Like so many things in the age of COVID-19, the plans the Sisters Folk Festival team is making are only tentative and preliminary; not set in stone until they are. Last month, SFF announced the cancellation of its main event: the mid-September folk fest that takes over the town of Sisters. Still, SFF is making plans to offer some smaller musical events before that date, and during the regular festival weekend.
"At this point, we are cautiously optimistic that we can plan a day of music on the lawn of our building on August 1," Christa Munro, executive director of SFF, told the Source. On that date, SFF has tentative plans to hold an event where people can buy a ticket for a "circle," that includes about six to eight people. (According to guidance from the Oregon Health Authority for event and venue operators, parties of 10 or more people congregating together are not allowed.) People inside that circle wouldn't get to mingle with people inside other circles, and there would be a cap of no more than 250 people for the day of music, in keeping with current event guidelines.

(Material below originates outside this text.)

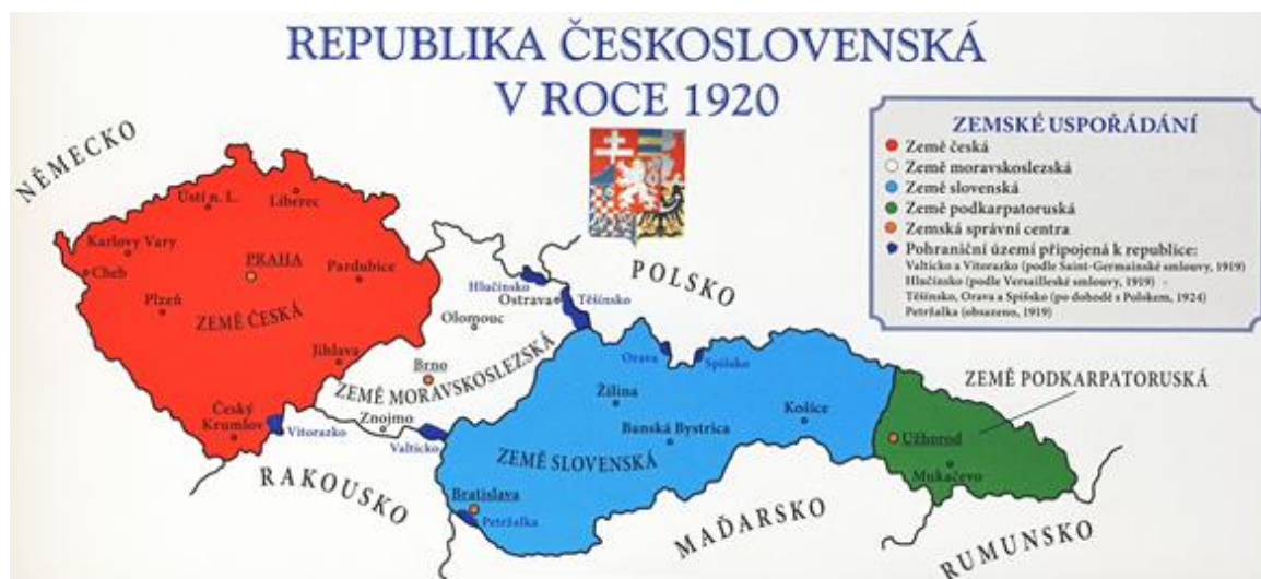
Obr. 1 Československo v roce 1920

Slovenská inteligence a krajanské spolky v USA vznik Československa velmi vítaly. O to více byli zklamáni státoprávním uspořádáním, již 14. listopadu 1918 parlament zrušil slovenskou vládu. Namísto ní jmenoval pouze ministra pro Slovensko. V Pittsburské a Filadelfské dohodě byla také slibována autonomie pro Slovensko a Podkarpatskou Rus, ale nedočkali se jí. Nový stát si tak i v případě Slovenska vytvořil budoucí národnostní problém.

"When we sell that circle, we will have to grab the names of those people to comply with contact tracing," Munro explained. "We were originally thinking we could do maybe four or five concerts for the summer—but once we saw all the requirements, we just decided to see how August 1 goes first."
Provided all goes well and their plan is approved by local health authorities and the Oregon Liquor Control Commission, Munro said they hope to tap a few venues in Sisters during the regular festival weekend Sept. 12 and 13. But unlike other years, people would only be able to see music at that venue instead of moving around the town.
With this year's offerings expected to be so limited, Munro said her team made the decision to let people who had bought tickets for this year's festival use them next year instead, rather than using them for a far more limited lineup. Ticket holders can also donate this year's tickets to SFF.
"It was the fairest thing we could do for our ticket holders and gave us the opportunity to do something completely brand new," Munro said.